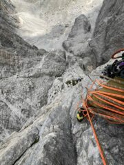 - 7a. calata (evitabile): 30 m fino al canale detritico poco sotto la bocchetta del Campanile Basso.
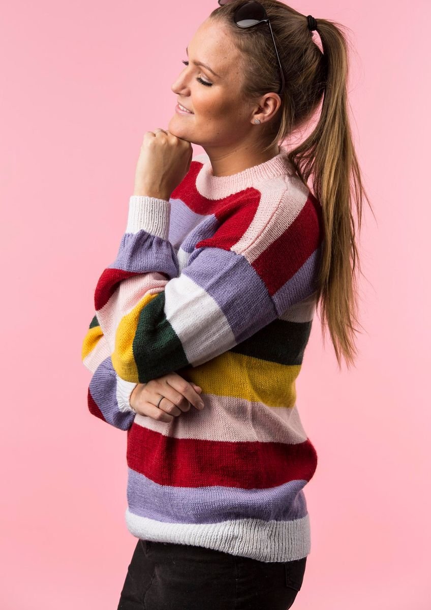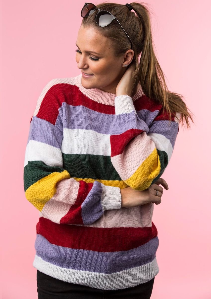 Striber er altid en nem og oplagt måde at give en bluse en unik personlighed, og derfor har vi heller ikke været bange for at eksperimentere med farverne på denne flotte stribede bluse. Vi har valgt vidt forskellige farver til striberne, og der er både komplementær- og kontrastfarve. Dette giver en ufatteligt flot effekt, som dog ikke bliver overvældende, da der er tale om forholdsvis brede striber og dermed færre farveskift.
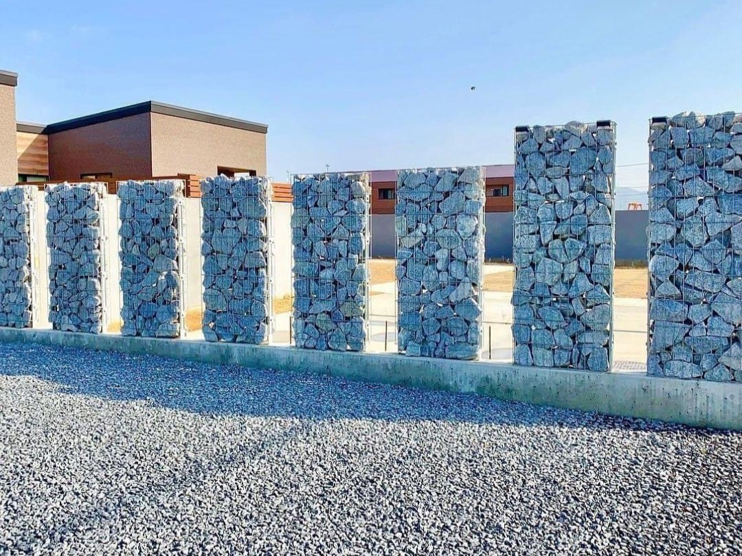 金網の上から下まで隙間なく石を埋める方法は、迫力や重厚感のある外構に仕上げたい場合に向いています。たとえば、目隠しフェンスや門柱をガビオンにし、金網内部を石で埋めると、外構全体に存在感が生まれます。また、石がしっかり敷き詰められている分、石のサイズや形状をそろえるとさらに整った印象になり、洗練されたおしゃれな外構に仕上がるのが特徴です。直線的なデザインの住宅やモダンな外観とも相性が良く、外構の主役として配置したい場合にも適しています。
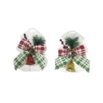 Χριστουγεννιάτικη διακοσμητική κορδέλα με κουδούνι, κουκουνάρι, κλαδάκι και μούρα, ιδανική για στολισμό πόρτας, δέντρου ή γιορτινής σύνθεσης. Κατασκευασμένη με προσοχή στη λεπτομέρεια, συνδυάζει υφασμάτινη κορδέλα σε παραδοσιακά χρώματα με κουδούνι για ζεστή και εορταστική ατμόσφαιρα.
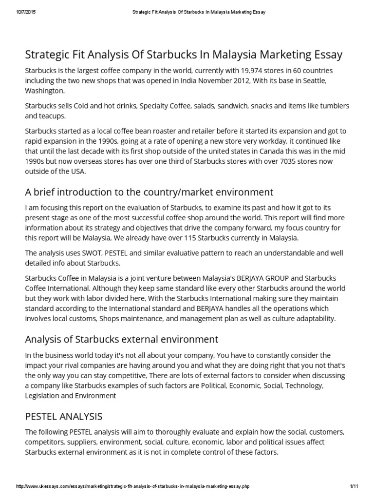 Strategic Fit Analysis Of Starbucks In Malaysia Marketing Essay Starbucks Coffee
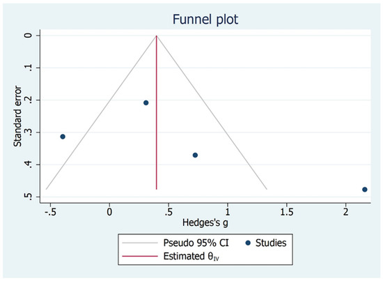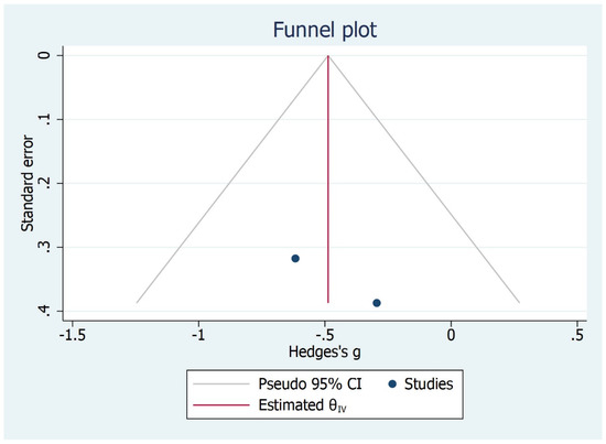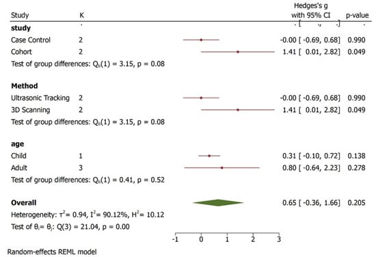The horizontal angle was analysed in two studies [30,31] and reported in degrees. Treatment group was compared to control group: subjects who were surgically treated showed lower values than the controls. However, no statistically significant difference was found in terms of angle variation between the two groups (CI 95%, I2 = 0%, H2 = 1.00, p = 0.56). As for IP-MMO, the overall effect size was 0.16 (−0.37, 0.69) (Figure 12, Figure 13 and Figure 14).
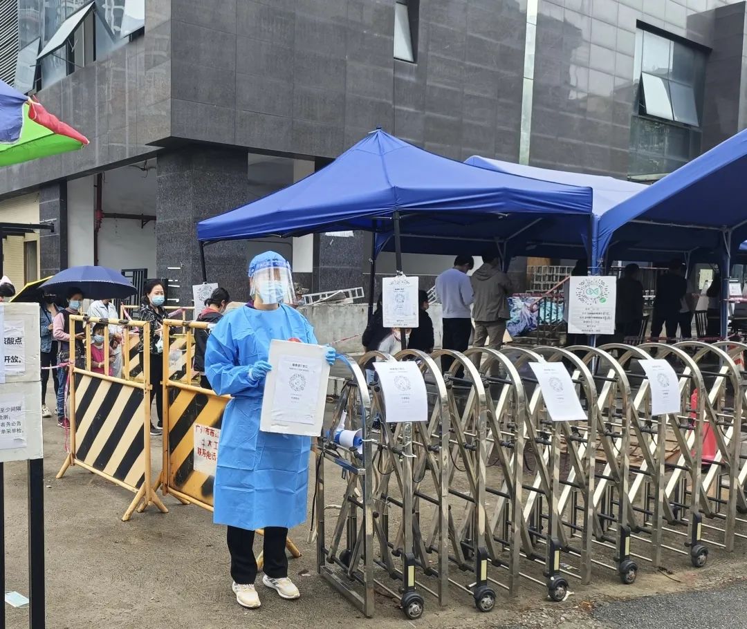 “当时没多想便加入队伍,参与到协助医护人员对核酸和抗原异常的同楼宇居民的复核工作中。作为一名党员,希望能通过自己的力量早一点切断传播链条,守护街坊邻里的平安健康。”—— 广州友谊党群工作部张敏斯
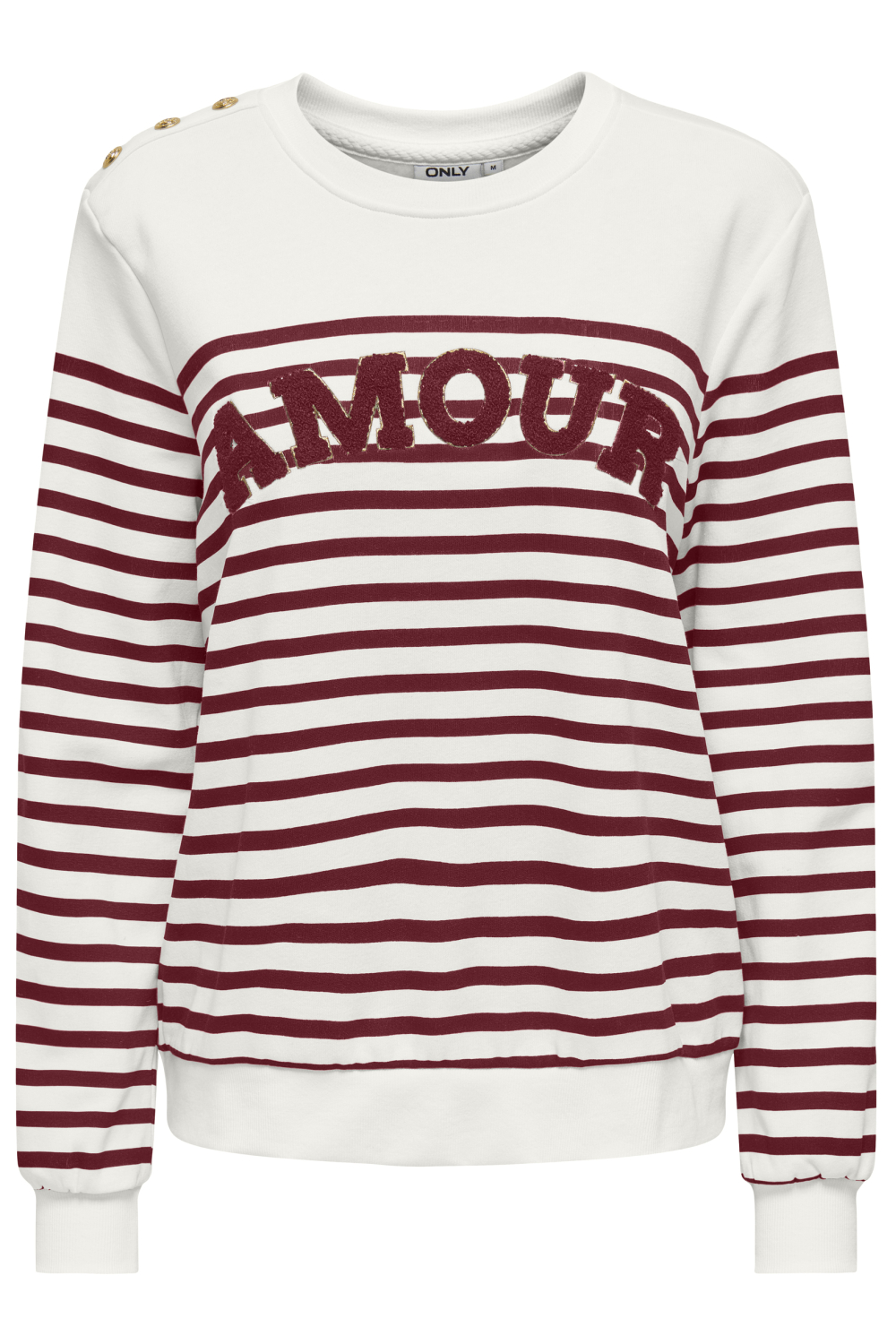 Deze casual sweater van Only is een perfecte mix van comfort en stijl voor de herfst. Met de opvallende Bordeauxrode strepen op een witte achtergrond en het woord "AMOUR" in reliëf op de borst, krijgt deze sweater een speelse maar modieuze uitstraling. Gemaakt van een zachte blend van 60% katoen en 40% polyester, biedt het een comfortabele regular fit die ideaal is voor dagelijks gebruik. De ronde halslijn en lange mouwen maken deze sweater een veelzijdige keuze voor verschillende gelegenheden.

= = = = =

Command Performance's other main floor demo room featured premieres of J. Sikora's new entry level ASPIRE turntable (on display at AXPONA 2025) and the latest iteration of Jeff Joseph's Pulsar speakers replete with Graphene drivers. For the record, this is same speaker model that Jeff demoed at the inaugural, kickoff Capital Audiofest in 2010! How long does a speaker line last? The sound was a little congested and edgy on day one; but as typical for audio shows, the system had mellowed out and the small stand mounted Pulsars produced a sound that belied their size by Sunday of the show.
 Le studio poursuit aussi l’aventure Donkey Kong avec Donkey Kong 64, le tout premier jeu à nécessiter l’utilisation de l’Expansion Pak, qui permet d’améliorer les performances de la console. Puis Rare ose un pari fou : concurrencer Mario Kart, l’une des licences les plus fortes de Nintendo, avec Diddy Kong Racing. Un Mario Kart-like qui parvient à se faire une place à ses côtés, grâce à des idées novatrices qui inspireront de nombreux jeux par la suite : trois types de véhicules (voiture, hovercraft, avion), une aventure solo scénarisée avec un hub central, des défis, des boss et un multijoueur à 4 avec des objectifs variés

= = = = =

What the task asks ::
From the listing above, please give again the lines that begin with the line holding "Striber er altid" and go on through the line holding "Strategic Fit Analysis", exactly, both ends included, minus any picture.

Solution to this exercise ::
 Striber er altid en nem og oplagt måde at give en bluse en unik personlighed, og derfor har vi heller ikke været bange for at eksperimentere med farverne på denne flotte stribede bluse. Vi har valgt vidt forskellige farver til striberne, og der er både komplementær- og kontrastfarve. Dette giver en ufatteligt flot effekt, som dog ikke bliver overvældende, da der er tale om forholdsvis brede striber og dermed færre farveskift.
 金網の上から下まで隙間なく石を埋める方法は、迫力や重厚感のある外構に仕上げたい場合に向いています。たとえば、目隠しフェンスや門柱をガビオンにし、金網内部を石で埋めると、外構全体に存在感が生まれます。また、石がしっかり敷き詰められている分、石のサイズや形状をそろえるとさらに整った印象になり、洗練されたおしゃれな外構に仕上がるのが特徴です。直線的なデザインの住宅やモダンな外観とも相性が良く、外構の主役として配置したい場合にも適しています。
 Χριστουγεννιάτικη διακοσμητική κορδέλα με κουδούνι, κουκουνάρι, κλαδάκι και μούρα, ιδανική για στολισμό πόρτας, δέντρου ή γιορτινής σύνθεσης. Κατασκευασμένη με προσοχή στη λεπτομέρεια, συνδυάζει υφασμάτινη κορδέλα σε παραδοσιακά χρώματα με κουδούνι για ζεστή και εορταστική ατμόσφαιρα.
 Strategic Fit Analysis Of Starbucks In Malaysia Marketing Essay Starbucks Coffee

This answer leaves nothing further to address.